Is this derivative correct ?- solved

Question

I want to compute

$$\frac{d}{dt}\left[ \int_t^{\tau}e^{-r(s-t)}(-pc) \,ds\right]$$ First, I know that I can just solve the integral and take the derivative:

$$\frac{d}{dt}\left[ \int_t^{\tau}e^{-r(s-t)}(-pc) \,ds\right]=\frac{d}{dt}\left[ \frac{-pc}{r}\left(1-e^{-r(\tau-t)}\right)\right]$$ $$=pc\cdot e^{-r(\tau-t)}$$

however, I want to solve it "straight away" using the Fundamental Theorem of Calculus.

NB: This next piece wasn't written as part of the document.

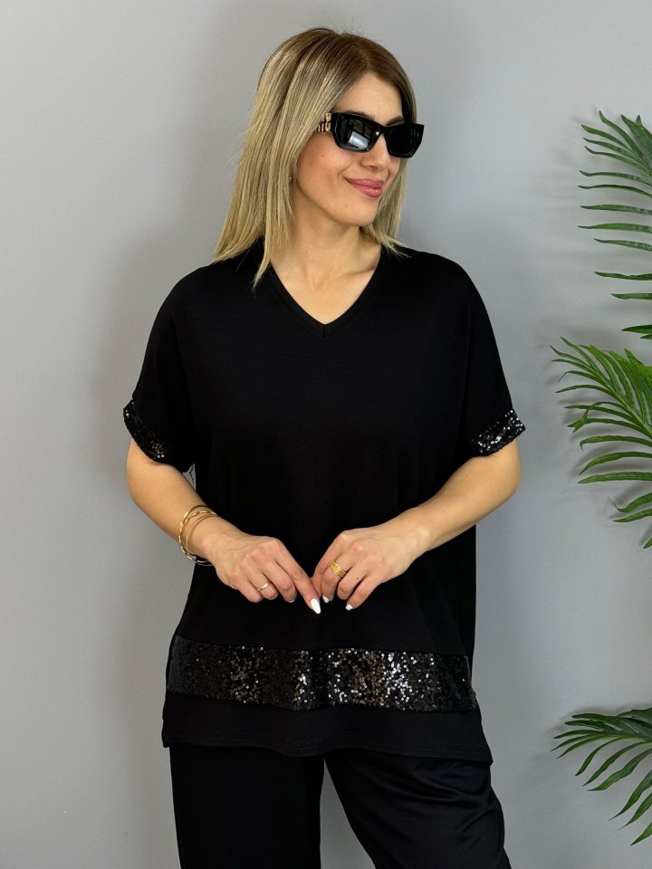Kadın Kısa Kollu V Yakalı Pul Payetli Viskon Iki Iplik Bluz Ve Pantolon Ikili Takım

However, I must be doing something wrong because I obtain the following:

$$\frac{d}{dt}\left[ \int_t^{\tau}e^{-r(s-t)}(-pc) \,ds\right]=-e^{-r(t-t)}(-pc)-pc\int_t^{\tau} \frac{d}{dt}e^{-r(s-t)}ds$$ $$=pc-pc\cdot r\int_t^{\tau} e^{-r(s-t)}ds$$ $$=pc+pc [e^{-r(\tau-t)}-1]$$ $$=pc\cdot e^{-r(\tau-t)}$$

Comment: Initially, I did an algebra mistake and wasn't getting the same result for the second equation. Now it seems to be right. The magic of typing in latex code :). Already wrote the question though. So tell me if the way I compute this second derivative is correct according to you.

Answer 1

$\frac{d}{dt} \int_t^\tau e^{-r(s-t)}(-pc)ds$

$= \frac{d}{dt}\left[- \int_\tau^t e^{-r(s-t)}(-pc)ds\right]$

$= \frac{d}{dt} \int_\tau^t pc \cdot e^{rt} \cdot e^{-rs}ds $

$= pc \cdot \frac{d}{dt} \left [ e^{rt}\cdot \int_\tau^t f(s)ds\right], $

where $f(s) = e^{-rs}$. Try using the fundamental theorem now.

This doesn't really make it much easier, because you'll still have to evaluate the integral when using the product rule.